4. The testimony presented on behalf of the above-named student was not sufficiently credible.
5. The aforementioned conduct is in violation of the Student Code of Conduct/Student Handbook, District Policy No. 218.2 (Exhibit "H").
6. The above-named student's conduct has disrupted the educational program of the [School District] as follows: Staff and students needed to be screened by a wand on January 13, 2006, and the Middle School had to be swept by the bomb squad on the evening of January 12, 2006.
7. The above-named student knew or should have known that her conduct was in violation of the Student Code of Conduct/Student Handbook and the aforementioned District policy(ies).
8. The above-named student knew or should have known that she would be subject to disciplinary action, including possible expulsion if the above-named student engaged in conduct that was in violation of the Student Code of Conduct/Student Handbook and/or District policy(ies).
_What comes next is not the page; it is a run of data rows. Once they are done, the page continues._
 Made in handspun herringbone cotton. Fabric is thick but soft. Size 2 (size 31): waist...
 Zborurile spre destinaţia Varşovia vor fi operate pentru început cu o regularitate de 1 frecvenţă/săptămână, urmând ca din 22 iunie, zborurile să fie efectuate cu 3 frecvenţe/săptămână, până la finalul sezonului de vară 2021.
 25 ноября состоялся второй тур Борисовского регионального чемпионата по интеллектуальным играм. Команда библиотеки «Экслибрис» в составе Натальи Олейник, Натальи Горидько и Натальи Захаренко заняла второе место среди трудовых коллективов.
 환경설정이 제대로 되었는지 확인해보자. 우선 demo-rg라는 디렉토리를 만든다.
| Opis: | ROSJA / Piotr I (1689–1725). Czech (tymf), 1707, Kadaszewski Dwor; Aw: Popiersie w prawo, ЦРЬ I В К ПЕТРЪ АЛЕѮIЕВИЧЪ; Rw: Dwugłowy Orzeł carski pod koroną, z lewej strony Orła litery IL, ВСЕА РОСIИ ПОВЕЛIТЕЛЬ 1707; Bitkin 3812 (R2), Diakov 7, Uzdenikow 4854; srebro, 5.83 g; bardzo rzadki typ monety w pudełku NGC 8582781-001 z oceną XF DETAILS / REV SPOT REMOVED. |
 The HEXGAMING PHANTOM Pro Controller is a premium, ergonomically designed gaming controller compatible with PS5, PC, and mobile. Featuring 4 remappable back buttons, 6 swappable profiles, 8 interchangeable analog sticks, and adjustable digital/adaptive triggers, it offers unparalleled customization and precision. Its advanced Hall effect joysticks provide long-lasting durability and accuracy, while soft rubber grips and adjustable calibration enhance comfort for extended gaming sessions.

(R.R. at 124a-25a) (emphasis added). I make the following observations about the deficiencies in these findings of fact and the majority's reading of them.

First, although there is a specific finding that A.B. wrote the note and placed it in the bathroom, (Findings of Fact, No. 3), there is no finding that A.B., or anyone else, found the note and reported it to a teacher. If the note was never found, there was never a communication of the threat to anyone and no violation of the school policy.
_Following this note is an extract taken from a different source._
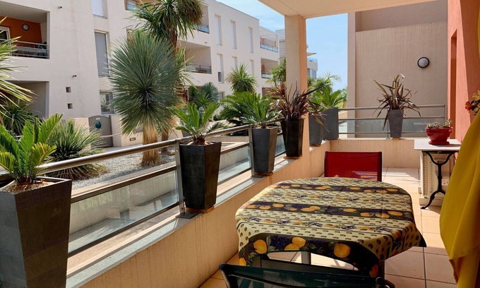Very nice apartment of 60 m² located in a luxury residence a stone's throw from the Etang de Thau and the beach of Mèze. This apartment located on the ground floor has a beautiful living room with a fully equipped kitchen area, (oven , dishwasher, hood, washing machine, fridge/freezer combination), a dining area, a TV relaxation area - (Please note the sofa is not convertible), all opening onto a beautiful 14 m² terrace. The sleeping area includes 1 bedroom with a 160 cm bed, a bedroom with 1 140 cm bed - a bathroom + wc. You can park your vehicle underground in a private box... This apartment is ideal for spending a nice family vacation with friends in a quiet area near the Etang de Thau. Animals are not allowed. NON-SMOKING accommodation - Household linen not provided. during heating periods a supplement will be requested for your consumption during your stay, and will be paid on site on the day of your arrival. Parties not authorized in the property.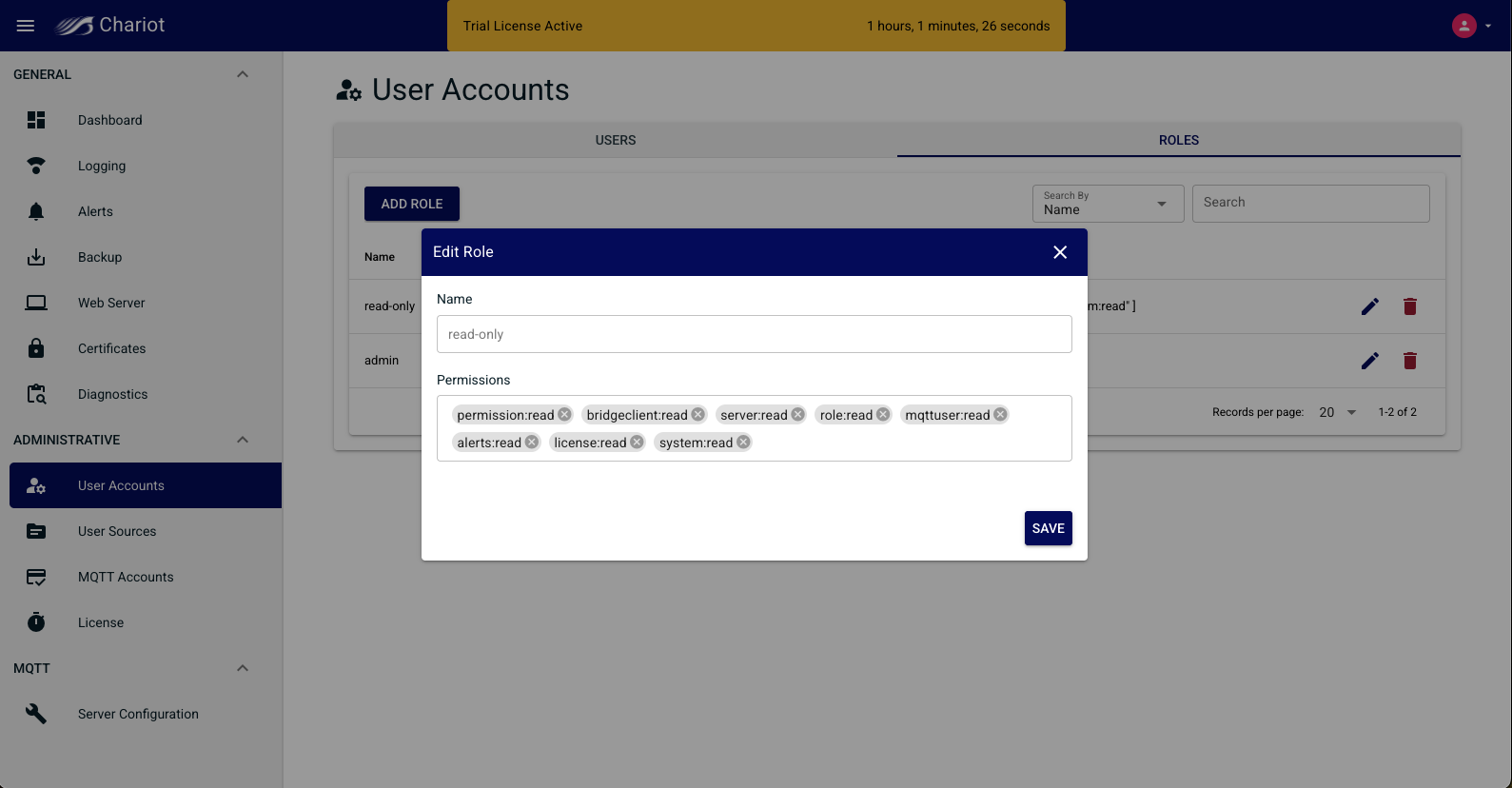 - The permission to perform any actions available from a service within Chariot (such as starting/stopping the MQTT server or activating a license)

Second, there is only one specific credibility determination, i.e., that the testimony presented on behalf of A.B. is not credible. (Findings of Fact, No. 4.) The only witness testifying on behalf of A.B. was her father, who offered no testimony about the note. This means that the School Board made no finding rejecting any part of A.B.'s written statement, including those parts where A.B. states that she gave the note to a friend as a joke and where A.B. denies that she placed the note in the girls' bathroom.
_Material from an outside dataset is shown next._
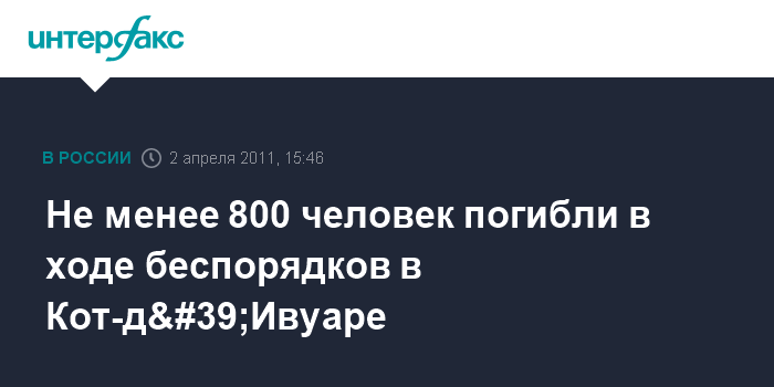 Лондон. 2 апреля. INTERFAX.RU - По меньшей мере 800 человек были убиты 29 марта в результате межобщинных столкновений в городе Дукуэ, на западе Кот-д'Ивуара, сообщает Би-би-си. "У нас есть сведения о том, что не менее 800 человек были убиты 29 марта в Дукуэ в результате межобщинных столкновений. Наши коллеги видели сотни тел погибших", - сказала представитель Красного Креста Доротея Кримицас.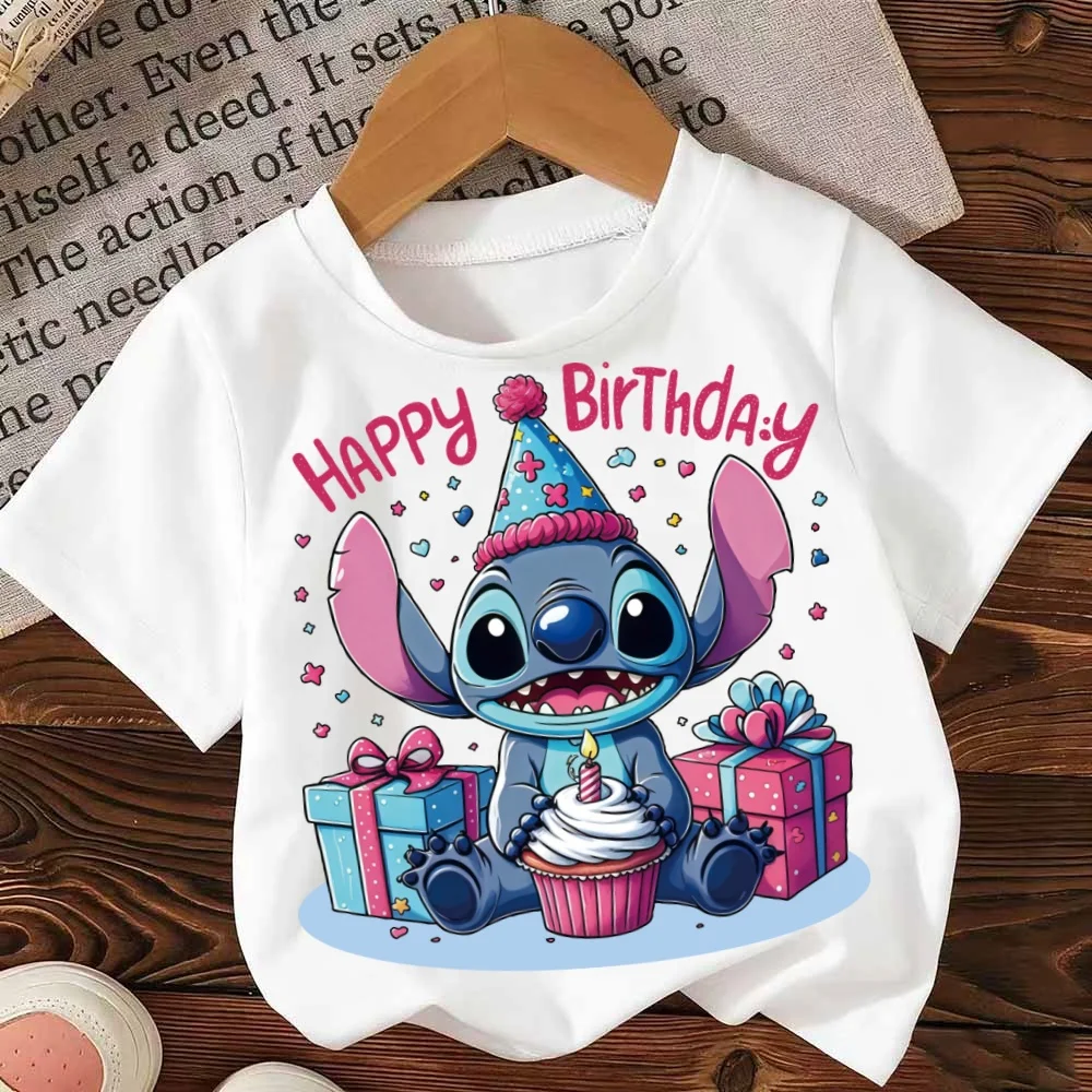 Summer Stitch Disney Baby Girls Birthday Number 1-9 T-shirt Cartoon Party Supplies Clothes Cute Short Sleeve Pink White Tshirt

Third, the majority states that the School Board found the state trooper's testimony "more credible than that of A.B." (Majority op. at 677.) However, this is impossible because A.B. did not testify. Moreover, as the above findings indicate, the School Board made no finding about the credibility of the state trooper's testimony.

Fourth, the majority states that the School Board logically concluded that it was more likely than not that A.B. placed the note in the bathroom based on the following circumstantial evidence: (1) A.B. initially denied that she wrote the note; (2) A.B. then admitted that she wrote the note; (3) A.B. found the note; and (4) A.B. reported the note to a teacher. (Majority op. at 678.) However, there are no findings of fact that A.B. initially denied that she wrote the note,[5] that A.B. found the *682 note or that A.B. reported the note to a teacher.[6]

Fifth, the School Board found as a fact that the "aforementioned conduct" violates the school policy against terroristic threats. (Findings of Fact, No. 5.) The "aforementioned conduct" was: (1) writing the note; and (2) placing it in a bathroom. The school policy prohibits communicating a threat to commit violence with the intent to terrorize another, to cause the evacuation of a building or to cause serious public inconvenience. However, the School Board made no finding of fact regarding A.B.'s intent.

Because the School Board has failed to make necessary findings of fact, I submit that this case, at least, should be remanded for the making of such findings. However, as explained below, I conclude that the School District failed to present sufficient circumstantial evidence to prove that A.B. placed the note in the bathroom; thus, ultimately, I see no reason to remand.

II. Inadequate Circumstantial Evidence

In relying upon circumstantial evidence to reasonably infer a factual conclusion, the evidence must be adequate to establish the conclusion and must so preponderate in favor of that conclusion so as to outweigh any other evidence and inconsistent reasonable inferences.[7]Monaci v. State Horse Racing Commission, 717 A.2d 612 (Pa.Cmwlth.1998).

With respect to who placed the note in the bathroom, one could draw three reasonable inferences from the circumstantial evidence: (1) A.B., acting alone, placed the note in the bathroom; (2) one or more other students placed the note in the bathroom, and A.B., being involved with the bomb threat, knows the identity of the student or students; or (3) one or more other students placed the note in the bathroom, and A.B., having no involvement with the bomb threat, does not know the identity of the student or students.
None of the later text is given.